Many women are now being maintained on tamoxifen therapy following treatment of breast cancer. The estrogenic effects of this drug can lead to proliferative endometrial changes that have the potential to lead to malignant change. Regular ultrasonic assessment of endometrial thickness shows promise as a screening tool in these women, but there is controversy as to the thickness at which sampling should be undertaken. Franchi and colleagues sought to determine the thickness that would best predict a need for endometrial sampling in order to avoid subjecting many women to unnecessary interventions.
The authors studied 163 postmenopausal women with breast cancer who had been receiving 20 mg per day of tamoxifen for at least six months. Women with previous endometrial hyperplasia or vaginal bleeding during the first six months of therapy were excluded from the study. All women had complete gynecologic evaluations, including sonographic assessment, before beginning tamoxifen therapy and then every 12 months during therapy. An additional sonogram was performed if vaginal bleeding occurred. No exogenous estrogen was permitted during the study. All women were examined by hysteroscopy, and samples were taken for histologic assessment.

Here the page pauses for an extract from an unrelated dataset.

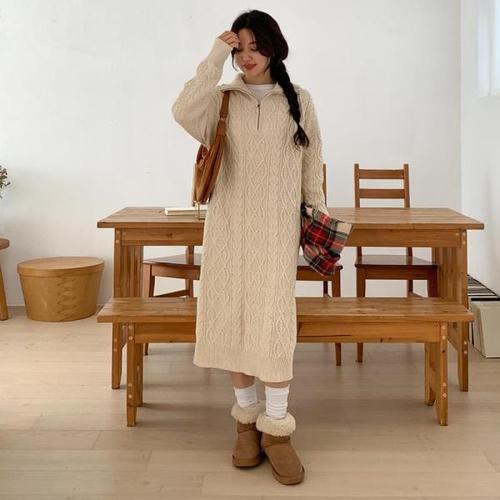 여성용 키치 꽈배기 하이넥 집업 니트 롱원피스

Abnormal histologic findings occurred in 60 percent of women with an endometrial thickness of 9 mm or greater compared with only 6 percent of women with lesser endometrial thickness. Histologic abnormality was also significantly related to the duration of tamoxifen use: 46 percent of those who took the drug for 27 months or longer had positive findings, compared with 16 percent of those who took the drug for less time. The occurrence of vaginal bleeding was also predictive of histologic findings. Of the 163 women studied, 46 (28 percent) reported vaginal bleeding during the study. Only 43 percent of these women had atrophic endometrium compared with 84 percent of women without bleeding. Among the women who reported vaginal bleeding, 9 percent had simple hyperplasia, 4 percent had endometrial polyp and 4 percent had endometrial carcinoma. No cases of atypical hyperplasia, polyp or carcinoma were found in women who did not report vaginal bleeding.
The authors conclude that an endometrial thickness of 9 mm and a report of vaginal bleeding are independent predictors of endometrial pathology and could be used to select women for hysteroscopy and biopsy during tamoxifen therapy.